* _Exercise prompt_: Your task is to repeat the listing exactly.

* _Extracted records_:
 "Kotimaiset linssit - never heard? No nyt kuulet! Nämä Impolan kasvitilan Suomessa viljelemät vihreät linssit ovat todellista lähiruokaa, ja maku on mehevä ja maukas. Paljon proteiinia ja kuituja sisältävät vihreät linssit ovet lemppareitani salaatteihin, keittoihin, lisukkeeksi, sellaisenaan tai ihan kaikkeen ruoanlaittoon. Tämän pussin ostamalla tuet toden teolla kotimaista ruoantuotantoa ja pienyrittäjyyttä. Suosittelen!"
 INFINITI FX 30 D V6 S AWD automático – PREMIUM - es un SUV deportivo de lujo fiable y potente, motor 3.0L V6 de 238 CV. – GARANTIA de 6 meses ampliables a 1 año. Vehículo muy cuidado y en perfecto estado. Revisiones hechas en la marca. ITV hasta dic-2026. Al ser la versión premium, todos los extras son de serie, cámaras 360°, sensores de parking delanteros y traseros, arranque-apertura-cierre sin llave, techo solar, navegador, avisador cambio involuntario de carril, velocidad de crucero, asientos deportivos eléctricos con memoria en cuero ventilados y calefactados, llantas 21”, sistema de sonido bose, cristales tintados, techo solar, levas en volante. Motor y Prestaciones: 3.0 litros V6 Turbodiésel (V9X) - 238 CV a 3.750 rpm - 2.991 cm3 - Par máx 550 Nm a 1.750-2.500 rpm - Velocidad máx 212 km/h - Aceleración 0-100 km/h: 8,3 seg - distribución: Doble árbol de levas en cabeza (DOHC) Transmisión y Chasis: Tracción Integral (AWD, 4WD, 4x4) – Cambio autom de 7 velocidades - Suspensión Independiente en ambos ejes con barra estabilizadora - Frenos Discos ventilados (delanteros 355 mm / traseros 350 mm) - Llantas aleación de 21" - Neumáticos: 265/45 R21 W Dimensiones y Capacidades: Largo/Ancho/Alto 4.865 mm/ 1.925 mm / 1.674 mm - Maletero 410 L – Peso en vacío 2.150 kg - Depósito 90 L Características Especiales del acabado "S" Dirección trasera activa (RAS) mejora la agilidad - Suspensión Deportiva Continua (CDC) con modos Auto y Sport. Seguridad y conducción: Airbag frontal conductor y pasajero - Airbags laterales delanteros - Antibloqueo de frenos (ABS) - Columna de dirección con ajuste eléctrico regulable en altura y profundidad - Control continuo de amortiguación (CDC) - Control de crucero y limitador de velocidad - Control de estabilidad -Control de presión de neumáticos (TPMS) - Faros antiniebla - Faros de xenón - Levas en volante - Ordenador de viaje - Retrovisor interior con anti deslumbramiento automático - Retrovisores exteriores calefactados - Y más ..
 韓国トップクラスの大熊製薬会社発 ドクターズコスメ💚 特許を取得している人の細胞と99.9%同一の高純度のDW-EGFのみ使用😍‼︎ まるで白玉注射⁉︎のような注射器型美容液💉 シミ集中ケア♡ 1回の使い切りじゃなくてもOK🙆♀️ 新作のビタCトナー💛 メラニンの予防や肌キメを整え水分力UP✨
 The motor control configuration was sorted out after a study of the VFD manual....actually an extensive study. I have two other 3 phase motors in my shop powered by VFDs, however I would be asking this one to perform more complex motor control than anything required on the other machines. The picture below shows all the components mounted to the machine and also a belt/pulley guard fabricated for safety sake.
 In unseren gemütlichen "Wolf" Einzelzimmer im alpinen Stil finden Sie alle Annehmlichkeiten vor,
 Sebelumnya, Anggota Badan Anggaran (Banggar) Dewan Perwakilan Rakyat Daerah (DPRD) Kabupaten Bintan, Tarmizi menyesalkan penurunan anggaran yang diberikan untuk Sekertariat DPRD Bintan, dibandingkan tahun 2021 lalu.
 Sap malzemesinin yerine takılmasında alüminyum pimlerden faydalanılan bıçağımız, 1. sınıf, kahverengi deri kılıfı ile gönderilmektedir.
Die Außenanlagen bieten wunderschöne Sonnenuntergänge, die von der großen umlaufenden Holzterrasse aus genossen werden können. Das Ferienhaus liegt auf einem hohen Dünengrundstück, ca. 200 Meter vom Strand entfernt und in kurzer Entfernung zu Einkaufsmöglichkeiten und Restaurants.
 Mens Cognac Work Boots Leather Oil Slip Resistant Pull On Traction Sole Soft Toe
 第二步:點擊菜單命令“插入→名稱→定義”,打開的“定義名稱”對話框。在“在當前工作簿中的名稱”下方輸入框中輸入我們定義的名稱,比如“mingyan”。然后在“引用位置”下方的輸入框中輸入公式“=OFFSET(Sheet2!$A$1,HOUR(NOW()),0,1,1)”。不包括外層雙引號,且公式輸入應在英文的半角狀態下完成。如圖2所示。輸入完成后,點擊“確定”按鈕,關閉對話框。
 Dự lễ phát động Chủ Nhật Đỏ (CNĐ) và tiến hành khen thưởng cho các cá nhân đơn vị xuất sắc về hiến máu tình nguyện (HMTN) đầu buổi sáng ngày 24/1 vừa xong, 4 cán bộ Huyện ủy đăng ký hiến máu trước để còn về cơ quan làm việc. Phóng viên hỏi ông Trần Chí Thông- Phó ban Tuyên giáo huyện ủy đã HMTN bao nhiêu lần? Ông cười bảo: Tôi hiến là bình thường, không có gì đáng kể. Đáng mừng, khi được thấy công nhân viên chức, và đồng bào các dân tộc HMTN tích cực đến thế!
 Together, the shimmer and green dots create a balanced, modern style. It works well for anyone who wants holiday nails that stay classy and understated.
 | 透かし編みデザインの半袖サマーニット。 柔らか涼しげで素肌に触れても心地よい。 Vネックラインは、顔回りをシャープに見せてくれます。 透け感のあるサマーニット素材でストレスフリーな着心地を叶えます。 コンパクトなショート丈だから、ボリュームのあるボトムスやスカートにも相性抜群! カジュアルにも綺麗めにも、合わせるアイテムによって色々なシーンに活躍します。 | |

* _Answer space_:
 "Kotimaiset linssit - never heard? No nyt kuulet! Nämä Impolan kasvitilan Suomessa viljelemät vihreät linssit ovat todellista lähiruokaa, ja maku on mehevä ja maukas. Paljon proteiinia ja kuituja sisältävät vihreät linssit ovet lemppareitani salaatteihin, keittoihin, lisukkeeksi, sellaisenaan tai ihan kaikkeen ruoanlaittoon. Tämän pussin ostamalla tuet toden teolla kotimaista ruoantuotantoa ja pienyrittäjyyttä. Suosittelen!"
 INFINITI FX 30 D V6 S AWD automático – PREMIUM - es un SUV deportivo de lujo fiable y potente, motor 3.0L V6 de 238 CV. – GARANTIA de 6 meses ampliables a 1 año. Vehículo muy cuidado y en perfecto estado. Revisiones hechas en la marca. ITV hasta dic-2026. Al ser la versión premium, todos los extras son de serie, cámaras 360°, sensores de parking delanteros y traseros, arranque-apertura-cierre sin llave, techo solar, navegador, avisador cambio involuntario de carril, velocidad de crucero, asientos deportivos eléctricos con memoria en cuero ventilados y calefactados, llantas 21”, sistema de sonido bose, cristales tintados, techo solar, levas en volante. Motor y Prestaciones: 3.0 litros V6 Turbodiésel (V9X) - 238 CV a 3.750 rpm - 2.991 cm3 - Par máx 550 Nm a 1.750-2.500 rpm - Velocidad máx 212 km/h - Aceleración 0-100 km/h: 8,3 seg - distribución: Doble árbol de levas en cabeza (DOHC) Transmisión y Chasis: Tracción Integral (AWD, 4WD, 4x4) – Cambio autom de 7 velocidades - Suspensión Independiente en ambos ejes con barra estabilizadora - Frenos Discos ventilados (delanteros 355 mm / traseros 350 mm) - Llantas aleación de 21" - Neumáticos: 265/45 R21 W Dimensiones y Capacidades: Largo/Ancho/Alto 4.865 mm/ 1.925 mm / 1.674 mm - Maletero 410 L – Peso en vacío 2.150 kg - Depósito 90 L Características Especiales del acabado "S" Dirección trasera activa (RAS) mejora la agilidad - Suspensión Deportiva Continua (CDC) con modos Auto y Sport. Seguridad y conducción: Airbag frontal conductor y pasajero - Airbags laterales delanteros - Antibloqueo de frenos (ABS) - Columna de dirección con ajuste eléctrico regulable en altura y profundidad - Control continuo de amortiguación (CDC) - Control de crucero y limitador de velocidad - Control de estabilidad -Control de presión de neumáticos (TPMS) - Faros antiniebla - Faros de xenón - Levas en volante - Ordenador de viaje - Retrovisor interior con anti deslumbramiento automático - Retrovisores exteriores calefactados - Y más ..
 韓国トップクラスの大熊製薬会社発 ドクターズコスメ💚 特許を取得している人の細胞と99.9%同一の高純度のDW-EGFのみ使用😍‼︎ まるで白玉注射⁉︎のような注射器型美容液💉 シミ集中ケア♡ 1回の使い切りじゃなくてもOK🙆♀️ 新作のビタCトナー💛 メラニンの予防や肌キメを整え水分力UP✨
 The motor control configuration was sorted out after a study of the VFD manual....actually an extensive study. I have two other 3 phase motors in my shop powered by VFDs, however I would be asking this one to perform more complex motor control than anything required on the other machines. The picture below shows all the components mounted to the machine and also a belt/pulley guard fabricated for safety sake.
 In unseren gemütlichen "Wolf" Einzelzimmer im alpinen Stil finden Sie alle Annehmlichkeiten vor,
 Sebelumnya, Anggota Badan Anggaran (Banggar) Dewan Perwakilan Rakyat Daerah (DPRD) Kabupaten Bintan, Tarmizi menyesalkan penurunan anggaran yang diberikan untuk Sekertariat DPRD Bintan, dibandingkan tahun 2021 lalu.
 Sap malzemesinin yerine takılmasında alüminyum pimlerden faydalanılan bıçağımız, 1. sınıf, kahverengi deri kılıfı ile gönderilmektedir.
Die Außenanlagen bieten wunderschöne Sonnenuntergänge, die von der großen umlaufenden Holzterrasse aus genossen werden können. Das Ferienhaus liegt auf einem hohen Dünengrundstück, ca. 200 Meter vom Strand entfernt und in kurzer Entfernung zu Einkaufsmöglichkeiten und Restaurants.
 Mens Cognac Work Boots Leather Oil Slip Resistant Pull On Traction Sole Soft Toe
 第二步:點擊菜單命令“插入→名稱→定義”,打開的“定義名稱”對話框。在“在當前工作簿中的名稱”下方輸入框中輸入我們定義的名稱,比如“mingyan”。然后在“引用位置”下方的輸入框中輸入公式“=OFFSET(Sheet2!$A$1,HOUR(NOW()),0,1,1)”。不包括外層雙引號,且公式輸入應在英文的半角狀態下完成。如圖2所示。輸入完成后,點擊“確定”按鈕,關閉對話框。
 Dự lễ phát động Chủ Nhật Đỏ (CNĐ) và tiến hành khen thưởng cho các cá nhân đơn vị xuất sắc về hiến máu tình nguyện (HMTN) đầu buổi sáng ngày 24/1 vừa xong, 4 cán bộ Huyện ủy đăng ký hiến máu trước để còn về cơ quan làm việc. Phóng viên hỏi ông Trần Chí Thông- Phó ban Tuyên giáo huyện ủy đã HMTN bao nhiêu lần? Ông cười bảo: Tôi hiến là bình thường, không có gì đáng kể. Đáng mừng, khi được thấy công nhân viên chức, và đồng bào các dân tộc HMTN tích cực đến thế!
 Together, the shimmer and green dots create a balanced, modern style. It works well for anyone who wants holiday nails that stay classy and understated.
 | 透かし編みデザインの半袖サマーニット。 柔らか涼しげで素肌に触れても心地よい。 Vネックラインは、顔回りをシャープに見せてくれます。 透け感のあるサマーニット素材でストレスフリーな着心地を叶えます。 コンパクトなショート丈だから、ボリュームのあるボトムスやスカートにも相性抜群! カジュアルにも綺麗めにも、合わせるアイテムによって色々なシーンに活躍します。 | |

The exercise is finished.